Concernant le Lyon-Turin, et la notamment la question de ses accès français situés entre Grenay et La Maurienne, le Grand Lyon a rappelé qu'il n'était pas directement concerné.

"L'État a fait un choix, il faut maintenant qu'il fasse un tour de table pour arriver à trouver les financements. [...] Nous n'interviendrons, en tant que Métropole, que sur ce qui nous concerne territorialement. Comment, je ne sais pas, on verra. Mais bien sûr qu'on accompagnera et qu'on travaillera aux côtés de la SNCF Réseau pour que ce dossier avance", a glissé Jean-Charles Kohlhlaas.

Bien que le Grand Lyon se sente concerné sur les enjeux du fret, et notamment de la diminution du nombre de poids-lourds à l'échelle de la métropole, de même sur sur la nécessité de développer un RER métropolitain pour accompagner le trafic voyageurs, le champs du ferroviaire reste cependant en dehors des compétences directes de la Métropole, puisqu'il concerne en premier lieu l'Etat, à travers SNCF Réseau, ainsi que la Région Auvergne Rhône-Alpes.

Contactée, celle-ci n'a pas répondu à ce stade aux sollicitations de La Tribune suite à cet échange.

Le Lyon-Turin : un vieux serpent de mer qui a déjà débuté

Du côté de la Ville de Lyon, l'entourage de Grégory Doucet a finalement nuancé les propos qu'avaient tenu le maire à son arrivée en 2020, selon lesquels il fallait tout simplement "stopper le projet du Lyon-Turin" :

"Maintenant que le chantier a démarré, la position de la Ville de Lyon, qui n'est pas concernée au titre de financeur, mais qui constitue tout de même le départ de cette ligne, est de dire que pour que ce projet pharaonique soit efficace, il faut que le report modal soit renforcé, que ce soit sur le sujet de l'éco-taxe ou plus largement, des incitations à mettre les camions sur le rail", glisse l'entourage du maire EELV.

Depuis son arrivée, Lyon prend en effet l'exemple de la Suisse, "où les camions qui arrivent n'ont pas le choix que de transiter directement par le rail.

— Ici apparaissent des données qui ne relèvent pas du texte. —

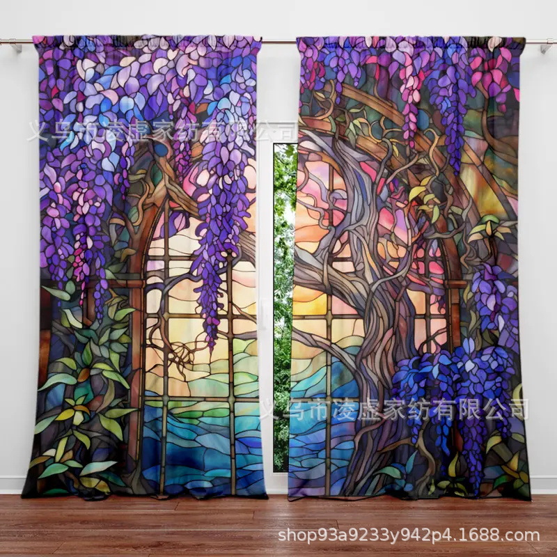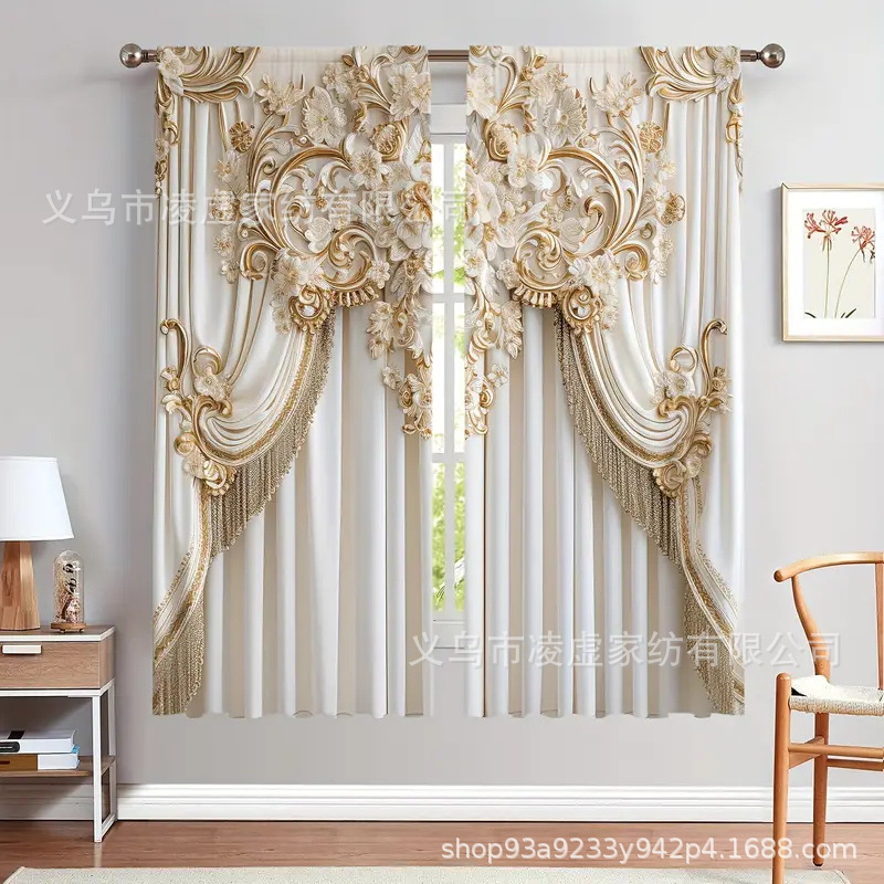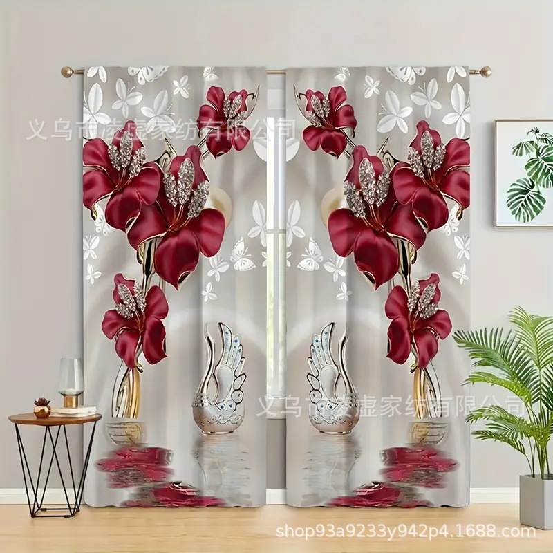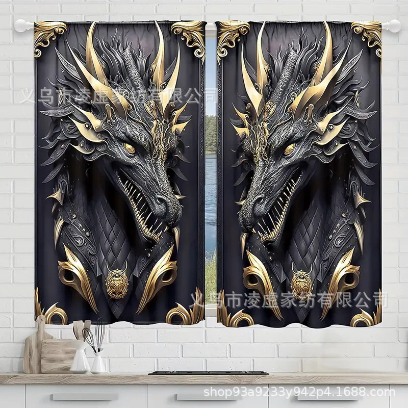 630*210 包装尺寸27*26*5,重量880 3D 打印窗帘,聚酯纺织品,半透明杆袋窗帘,机洗,耐色,装饰动物主题,适用于客厅、卧室、书房 - 全季

Il faut pousser en ce sens car le projet actuel du Lyon-Turin ne va pas encore jusque là".

Le maire de Lyon a donc demandé durant sa rencontre avec le ministre des Transports que les engagements en matière de report modal soient renforcés sur ce projet, "avec l'ajout de mesures plus coercitives".

Le port de Lyon, futur enjeu pour le fret

Du côté de la Ville de Lyon, l'attention s'est portée sur un autre dossier : le maire de Lyon a notamment profité de cet échange pour demander à Clément Beaune "un accompagnement renforcé" sur la question du transport fluvial.

Car en parallèle à ses deux projets phares déjà en cours, que sont le lancement d'une liaison ULS de transport fluvial vers le centre-ville, ainsi que les travaux du futur Hôtel de la Logistique urbaine qui doit s'installer sur le port de Lyon, Grégory Doucet a plaidé, auprès de l'Etat, pour un renforcement des financements afin d'assurer le report modal vers le fluvial.

Avec les yeux tournés notamment vers la ville de Marseille, avec laquelle la capitale des Gaules nourrit de grands projets en vue de redévelopper des échanges de marchandises sur le Rhône. "Cela prendra aussi des évolutions en matière de réglementation, car celle-ci doit être plus incitative", fait-on valoir dans l'entourage de Grégory Doucet.

Déjà, les deux parties se sont données rendez-vous début 2023, probablement à Lyon, pour refaire un point sur le calendrier et les modalités de ce dossier, qui pourrait devenir stratégique pour la décarbonation des échanges de la capitale des Gaules, qui a inscrit l'urgence climatique" à son plan de mandat.